As for Commander André, an hour earlier he had already taken the beautiful Comtesse back to the bishop’s palace bedchamber. The two of them “talked knee to knee” on the great bed until the afternoon of the next day.

As repayment, André told the Comtesse that within this month the Reims armory would authorise the Liège armory to produce the 1792-pattern rifle. In addition, the French military stores in Reims still held substantial stocks of smoothbore muskets, which could be handed to the Liège armory for resale.

In the end, the 1792-pattern rifle was only an improved version of the North American rifle. Britain’s Ordnance Office at the Tower of London already possessed the skills to make it. Moreover, during the War of National Defence many rifles had been lost on the battlefield. And the Command Headquarters planned, from the second half of 1793 onward, to field in large numbers a muzzle-loading percussion rifle equipped with copper-based fulminate caps and Minie bullets. For these reasons, the old 1792-pattern rifle no longer required secrecy. It was better to find a reliable manufacturer and let everyone earn a fortune.

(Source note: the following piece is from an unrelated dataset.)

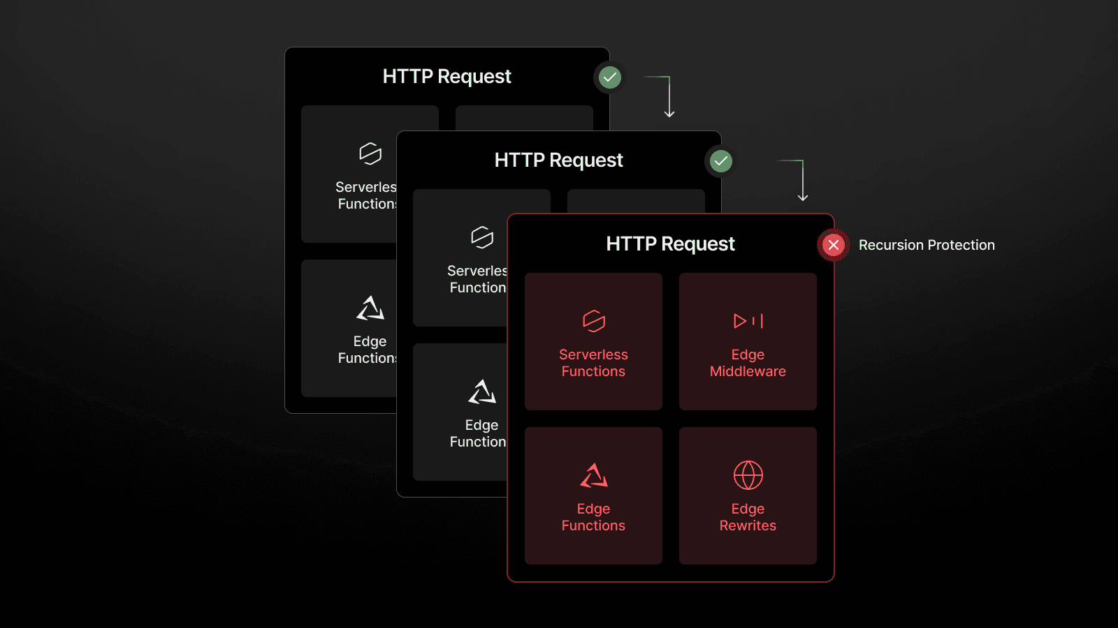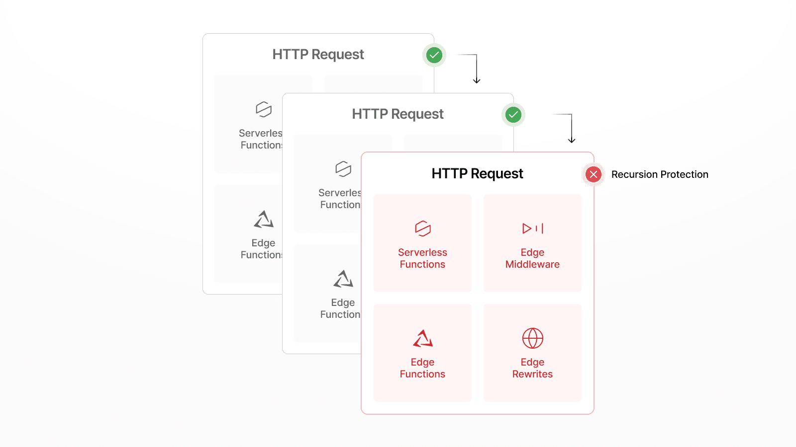 Recursion protection is available free on all plans. It does not require any code changes in your application, but does require a new deployment. Outbound requests now include the x-vercel-id

As for the French army’s most central secret weapon—the twelve-pound André cannon—André first refused the Comtesse’s impertinent request in anger. Later, after new games in bed and repeated climaxes, the satisfied Commander-in-Chief “softened” his position and said he would give the Liège armory a final answer around March next year.

That date happened to coincide with the deadline promised by the Reims institute for the basic open-hearth method. Once André’s technology tree reached an unprecedented “king-tier” in steelmaking, he would naturally have no interest in a lowly “bronze-tier.” In fact, muzzle-loading rifled artillery had existed for two hundred years. The problem was simply that iron barrels could not meet the requirements, forcing every state to rely on safe but extremely heavy smoothbore bronze guns. Among Europe’s great powers of the eighteenth century, only Britain—short of copper—persisted stubbornly in working with iron artillery.

Earlier, the British had planned to build an experimental rifled gun made entirely of steel. Yet when the Tower of London Ordnance Office submitted the cost estimate, the official in charge was cursed out jointly by the First Lord of the Admiralty and the Secretary at War. The reason was simple: an all-steel muzzle-loading rifled gun would cost as much as its weight in gold. In the Admiralty’s words, if such artillery were mounted on HMS Victory, a first-rate ship of the line with one hundred and eight gun ports, the British Empire would go bankrupt—an exaggerated way to make the point.

In 1791, the Reims armory had also developed a small-calibre, all-steel, five-pound muzzle-loading rifled gun, paired with the integrated ammunition of 1792. Its battlefield results were excellent: accurate, and with a high rate of fire. Although the shot weighed only five pounds, in power, range, and accuracy it was not far behind a twelve-pound bronze field gun. The key flaw, however, remained the same: the cost of steel suitable for gun barrels was still far too high.

Meanwhile, research into picric acid had also made some progress. It was expected that, at some point next year, armament engineers would attempt to use stabilized picric acid as the bursting charge inside shells. To match the emergence of such a violent explosive, it would be necessary to adopt all-steel artillery capable of enduring high temperatures, high pressures, and violent detonations.